Monday, September 23, 2013
Handsome Devil All-Rounder
When searching for an all-rounder bike I discovered lots of options. I wanted it to be fun to ride unloaded, come as a complete bike, fit big tires with fenders and have the potential to add racks and carry a load. I first thought the Surly Long Haul Trucker or Novara Safari would fit the bill, but they were both more heavy duty than I needed. The Specialized Tricross was nice and had a great price, but I found the ride and look to be meh. I really liked the Novara Randonne but I can't get over the amount of seat post that shows on that sloping top tube. Rivendell Bikes are nice but out of my budget. I was looking for a bike with a different look as well. The Handsome XOXO was on the short list but I was looking for something more on-road than off. I read about the Handsome Devil right here on these pages and in Momentum Magazine. It seemed to check all of the boxes, but I would need to order it sight unseen.
When I saw that the Handsome Devil went on sale I pulled the trigger. The next day I had a voicemail from Jesse asking me about my build. We talked about how I would use the bike and picked a local bike shop to do the assembly. A couple of weeks later I was rolling out of the bike shop with my Devil on 35c tires (Jesse thought I would like them better than the 32mm stock ones). The shop employees were a little perplexed, "I suppose you could commute on it." Heck yeah!

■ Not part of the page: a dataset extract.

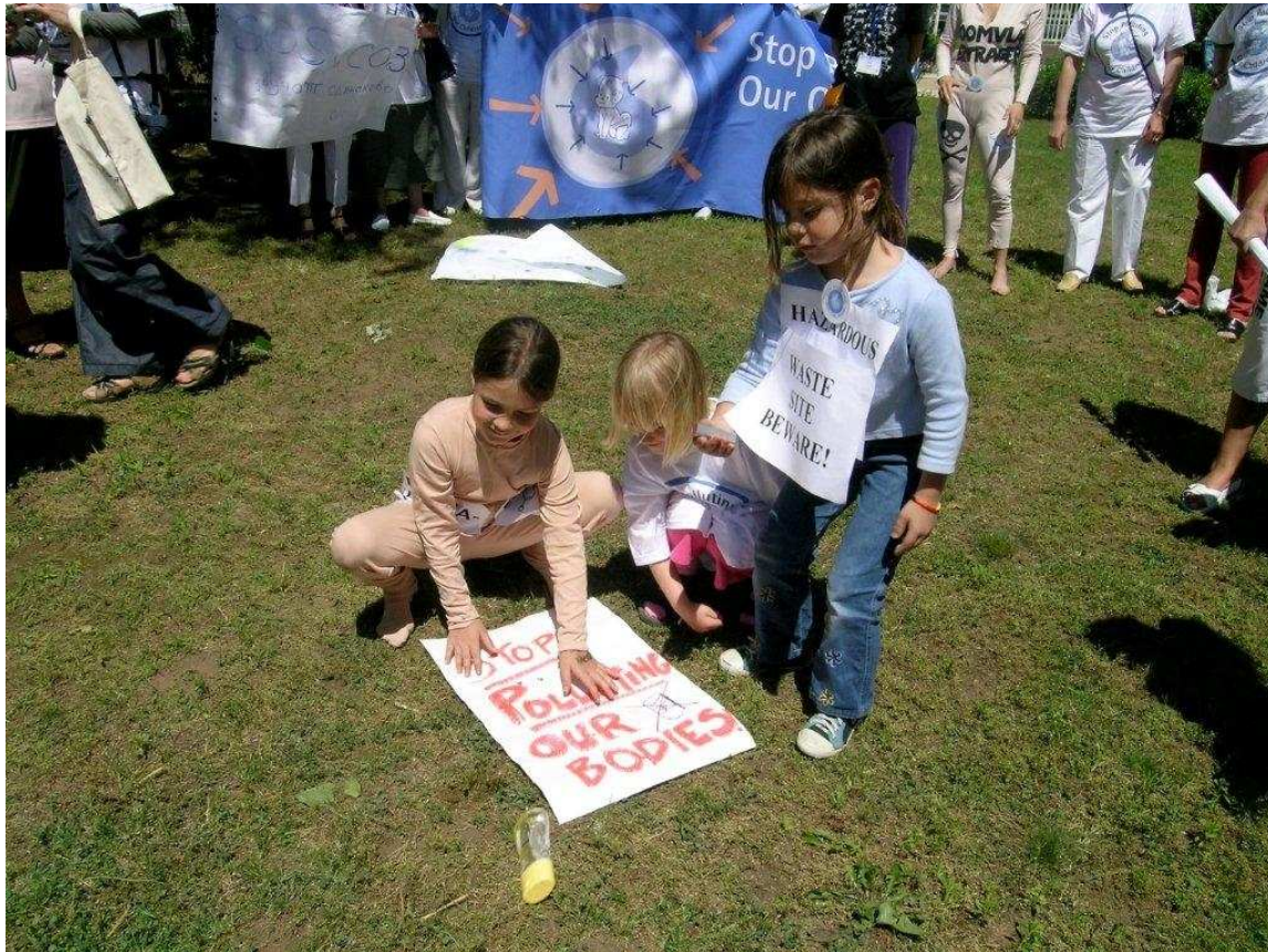
“Stop polluting our children’s bodies”. Creating a better health and environmental protection for children. Protest by parents and Children during the Children’s Environment and Health Plan for Europe Conference in Hungary

use of inferior fuels for cooking and space heating in developing countries. The following sections will explore them in some detail.

So fast forward 6 months and I've made some changes. I ditched the bar-tape grips for shellacked cork. All transportation bikes should have fenders, so I installed SKS Longboard fenders. A Velo-Orange Pass Hunter Rack holds a Wald Basket. I scored a Nitto R-14 rack on Ebay and my wife got me a Rivendell Large Saddleback for Father's Day. I call the bike my "Riven-Devil."
The steel frame has a nice springiness about it and the powder coat looks great. The steering on the Devil is quick, but some weight in the basket quiets it down a bit. The cyclocross geometry does not lend itself to weighting up the rear without a load up front. You can set up a Devil for touring as long as you spread out the load. The geometry prefers a front load; however, the frame lacks a threaded boss above the front dropout (but there's one mid-fork). Handsome now has a version of the Devil with a Porteur Rack, but they drill out the tangs for the axle and (I presume) use a longer skewer.
The Devil is set up with 1x8 gearing with a 44T chainring. It's perfect for my flat-to-rolling commute. I'm not sure the drivetrain is ready for a loaded tour without replacing the double 150bcd crankset --the gearing would be too hight evening adding a second chainring. A low-double or triple would probably be better for biking up hills with a full touring load. With a nod to versatility, the Devil has semi-horizontal dropouts for internal hub builds.
I've enjoyed the Devil and I would recommend working with the Handsome Cycles folks on your search for your Bike For the Rest of Us.